§ PROBLEM DESCRIPTION: Print the listing below exactly, minus its pictures.

§ INPUT DATA:
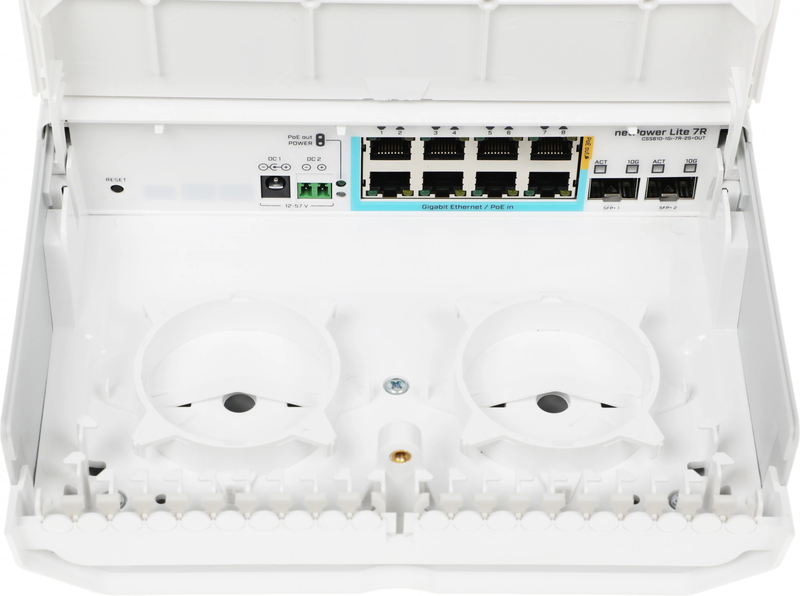 Управляемый коммутатор для рабочих групп MikroTik netPower Lite 7R with 8 x Gigabit Ethernet ports (7 with Reverse POE-in, 1 with PoE-OUT), 2 x SFP+ cages, SwitchOS, outdoor enclosure, mounting kit (power supply NOT included) купить в интернет-магазине TPShop.Ru. Наличный и безналичный расчет, розничные и оптовые продажи. Самовывоз, доставка по Москве и МО, отправка во все регионы России.
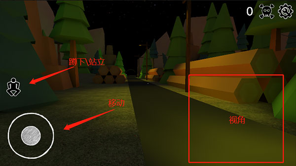 6、屏幕左边控制角色移动,右边控制视角方向,此外左边还有蹲下和站立按钮,右上角显示
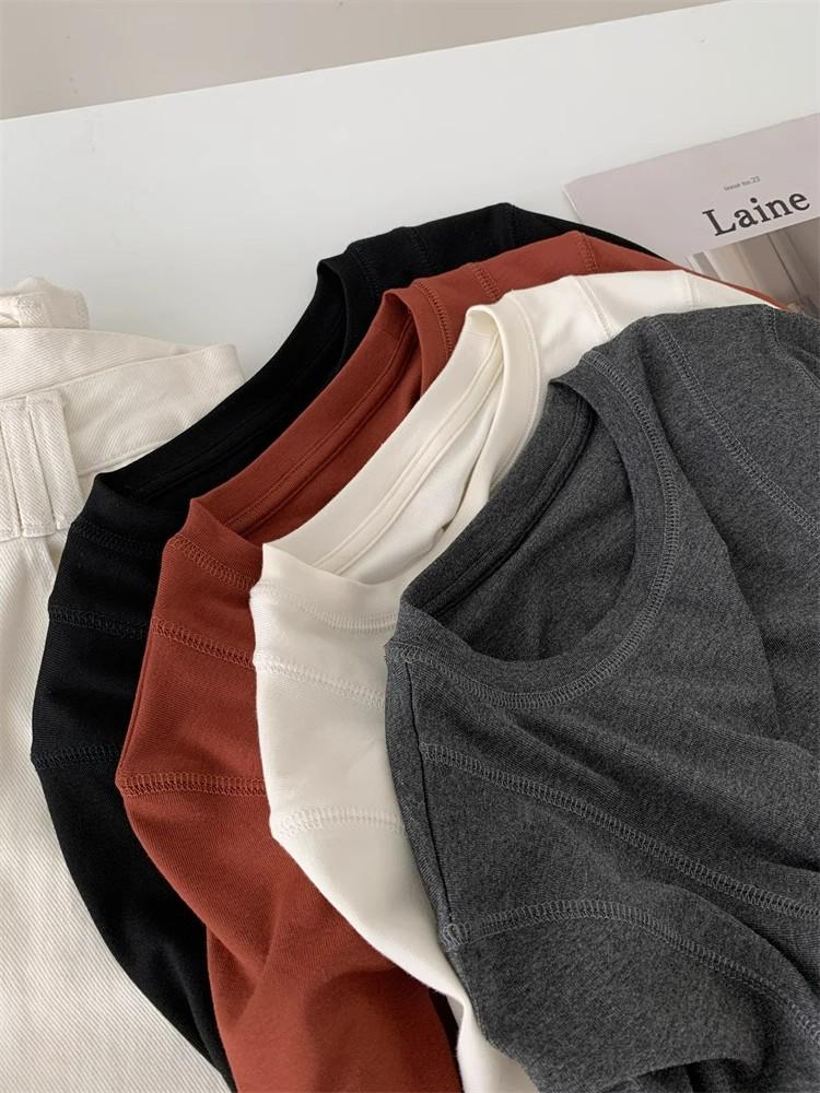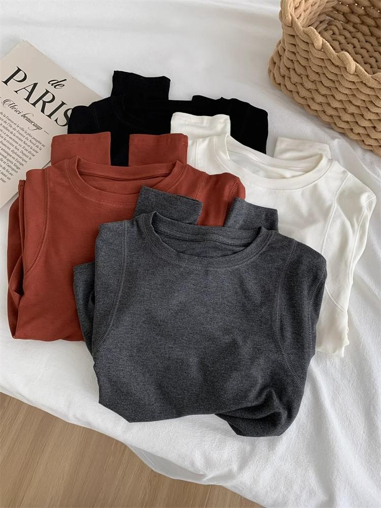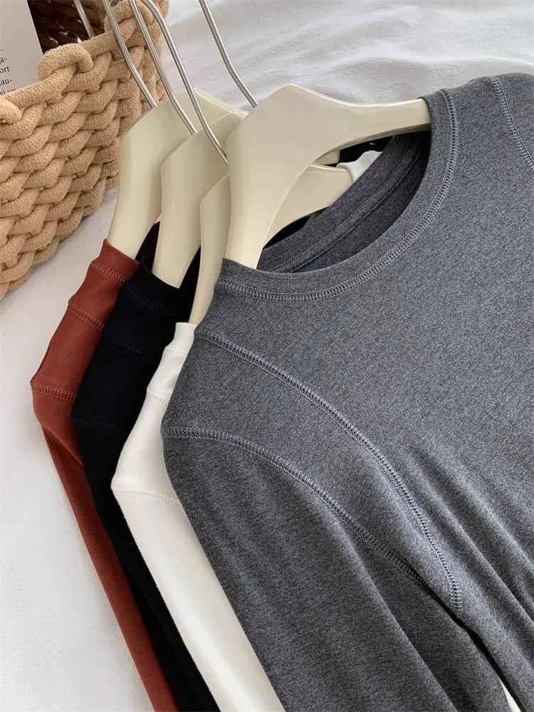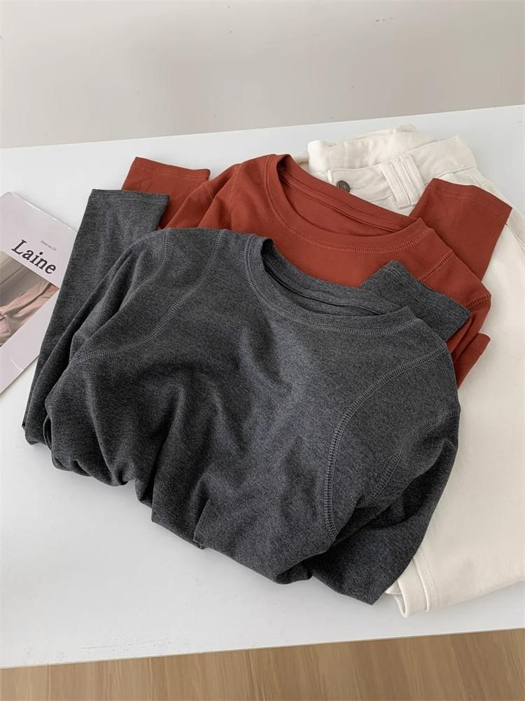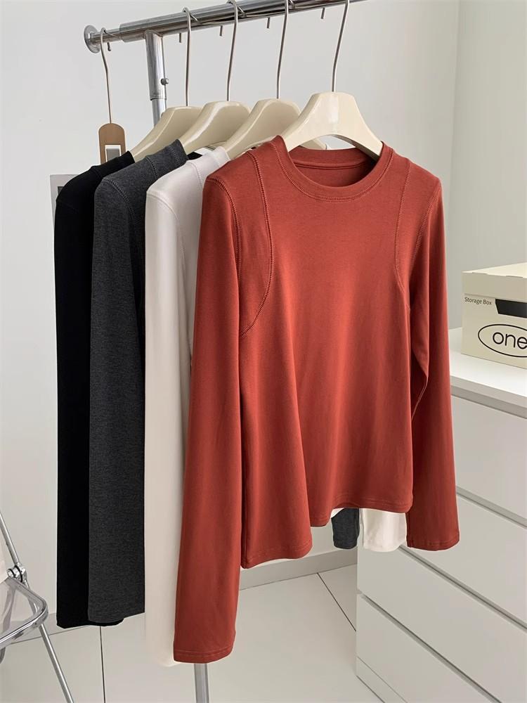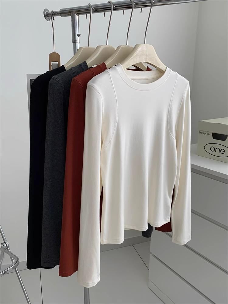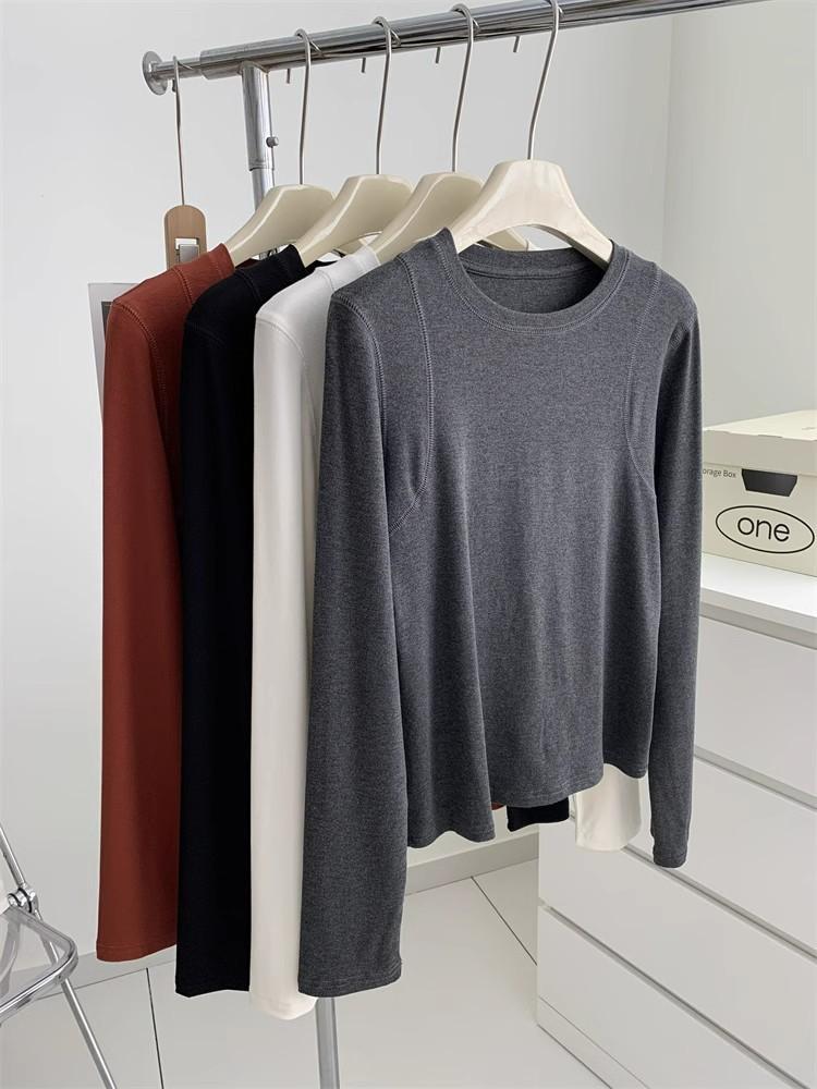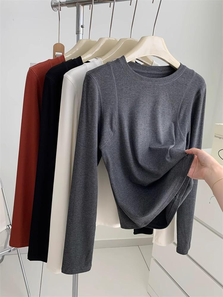 Design Sense Camiseta feminina de cor sólida com ombro costurado, outono e inverno, blusa interna básica, gola redonda, manga comprida, camisa básica

§ ANSWER FOR THIS EXERCISE:
 Управляемый коммутатор для рабочих групп MikroTik netPower Lite 7R with 8 x Gigabit Ethernet ports (7 with Reverse POE-in, 1 with PoE-OUT), 2 x SFP+ cages, SwitchOS, outdoor enclosure, mounting kit (power supply NOT included) купить в интернет-магазине TPShop.Ru. Наличный и безналичный расчет, розничные и оптовые продажи. Самовывоз, доставка по Москве и МО, отправка во все регионы России.
 6、屏幕左边控制角色移动,右边控制视角方向,此外左边还有蹲下和站立按钮,右上角显示
 Design Sense Camiseta feminina de cor sólida com ombro costurado, outono e inverno, blusa interna básica, gola redonda, manga comprida, camisa básica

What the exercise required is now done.